#### [PROBLEM TO SOLVE]
Before copying, set the pictures aside; then repeat every line below verbatim.
Start of INFORMATION PROVIDED
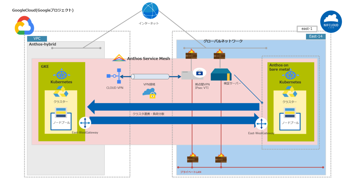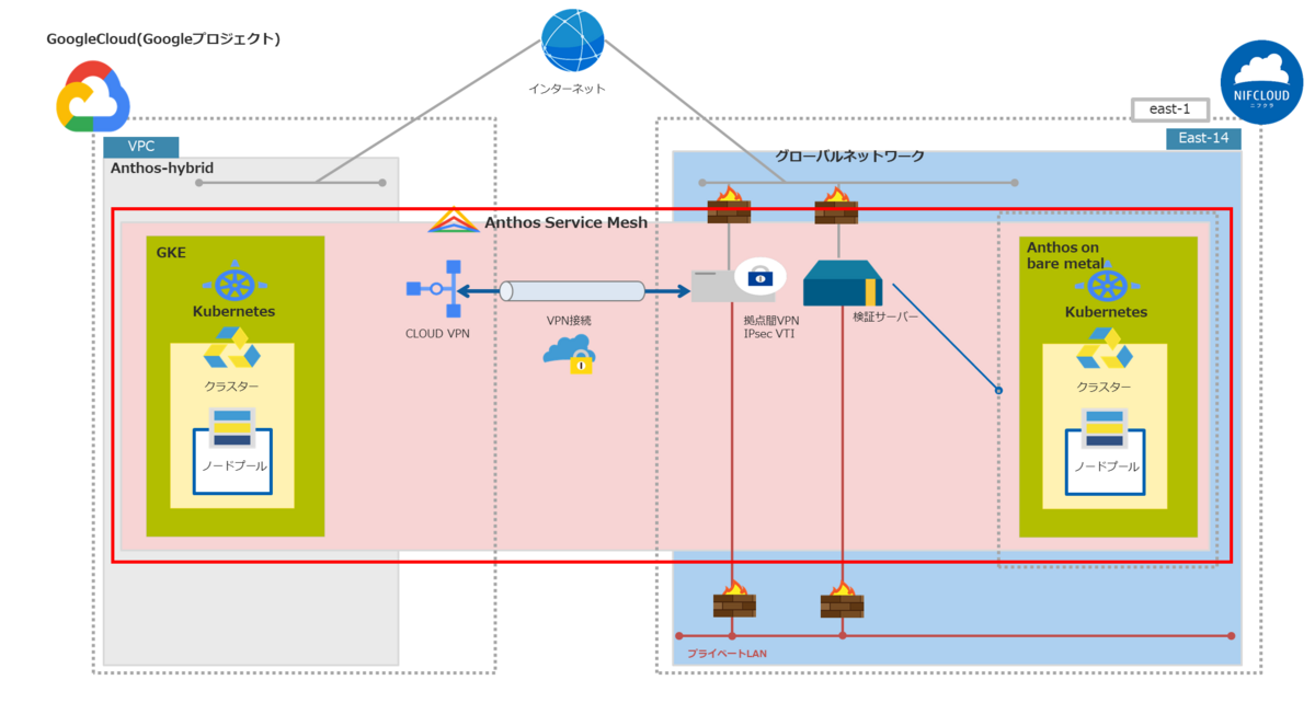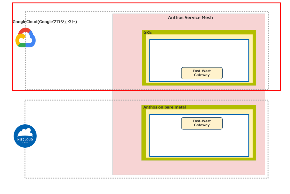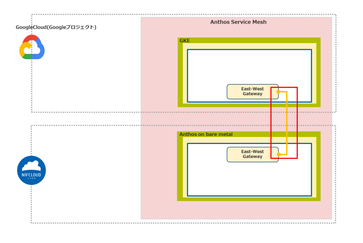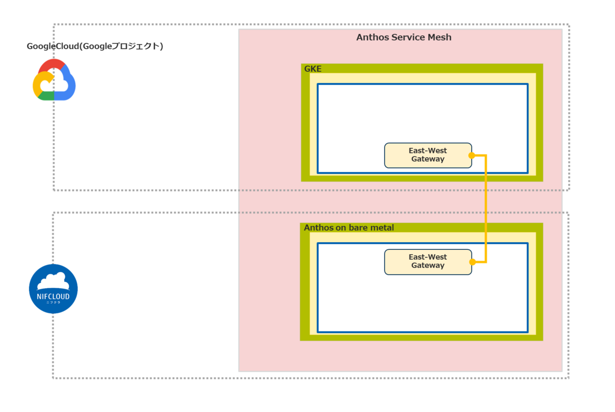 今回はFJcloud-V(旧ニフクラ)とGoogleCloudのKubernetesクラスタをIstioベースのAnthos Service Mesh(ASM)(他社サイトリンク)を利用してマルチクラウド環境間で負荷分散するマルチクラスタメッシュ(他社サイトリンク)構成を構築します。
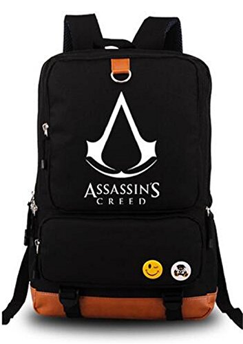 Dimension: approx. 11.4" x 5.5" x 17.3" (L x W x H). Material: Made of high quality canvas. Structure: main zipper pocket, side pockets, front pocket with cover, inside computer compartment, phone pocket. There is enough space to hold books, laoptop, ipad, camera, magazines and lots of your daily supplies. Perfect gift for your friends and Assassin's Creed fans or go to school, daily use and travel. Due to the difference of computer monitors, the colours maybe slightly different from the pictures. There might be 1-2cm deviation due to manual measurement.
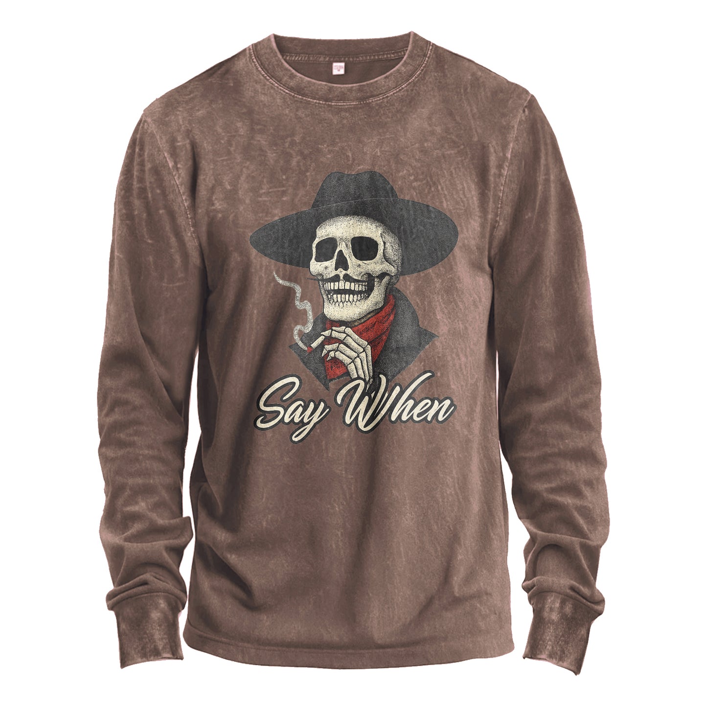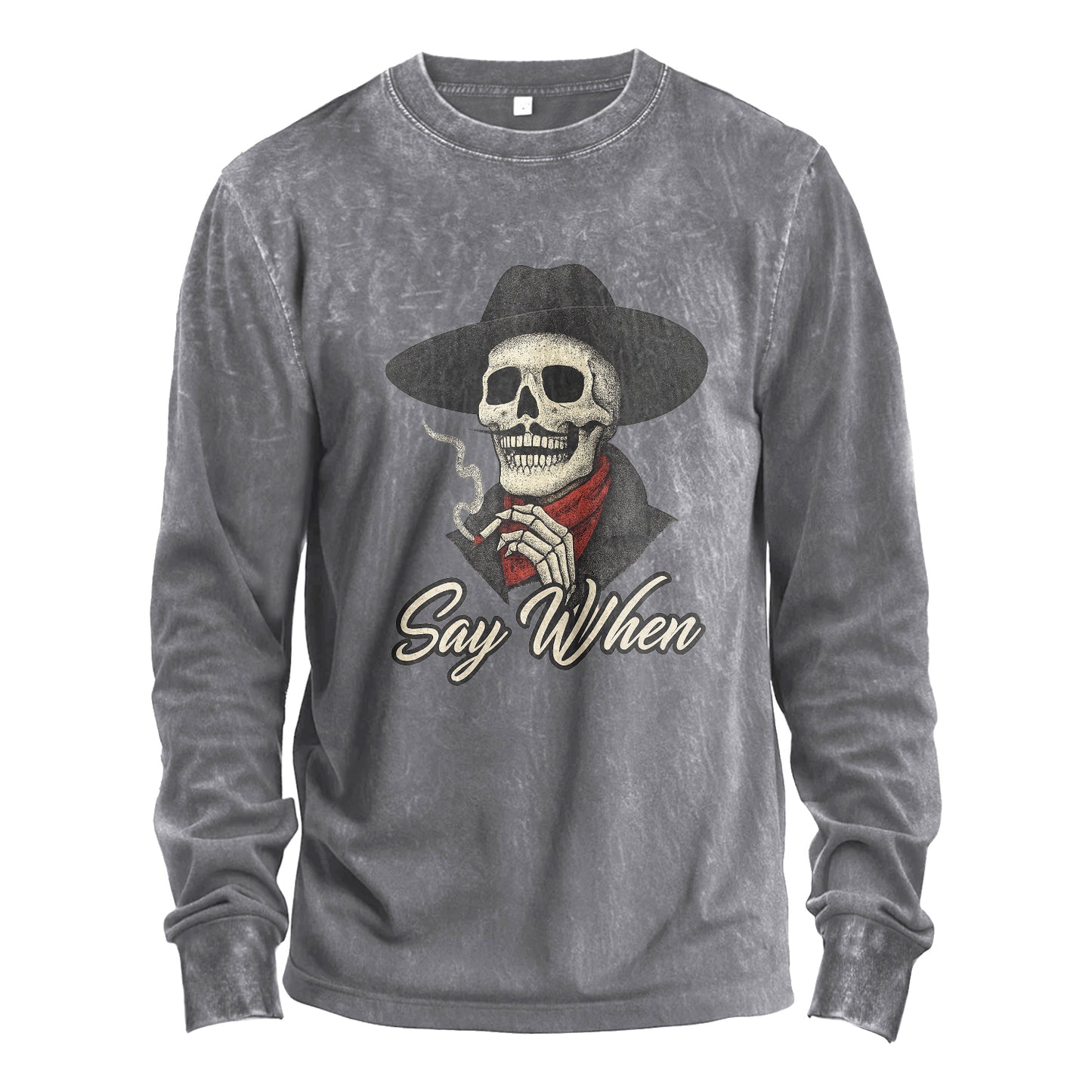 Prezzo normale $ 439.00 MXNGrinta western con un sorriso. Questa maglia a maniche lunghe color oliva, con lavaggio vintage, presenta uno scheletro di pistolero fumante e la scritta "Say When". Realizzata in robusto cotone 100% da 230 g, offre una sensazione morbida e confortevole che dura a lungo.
End of INFORMATION PROVIDED
#### [EXPECTED ANSWER]
 今回はFJcloud-V(旧ニフクラ)とGoogleCloudのKubernetesクラスタをIstioベースのAnthos Service Mesh(ASM)(他社サイトリンク)を利用してマルチクラウド環境間で負荷分散するマルチクラスタメッシュ(他社サイトリンク)構成を構築します。
 Dimension: approx. 11.4" x 5.5" x 17.3" (L x W x H). Material: Made of high quality canvas. Structure: main zipper pocket, side pockets, front pocket with cover, inside computer compartment, phone pocket. There is enough space to hold books, laoptop, ipad, camera, magazines and lots of your daily supplies. Perfect gift for your friends and Assassin's Creed fans or go to school, daily use and travel. Due to the difference of computer monitors, the colours maybe slightly different from the pictures. There might be 1-2cm deviation due to manual measurement.
 Prezzo normale $ 439.00 MXNGrinta western con un sorriso. Questa maglia a maniche lunghe color oliva, con lavaggio vintage, presenta uno scheletro di pistolero fumante e la scritta "Say When". Realizzata in robusto cotone 100% da 230 g, offre una sensazione morbida e confortevole che dura a lungo.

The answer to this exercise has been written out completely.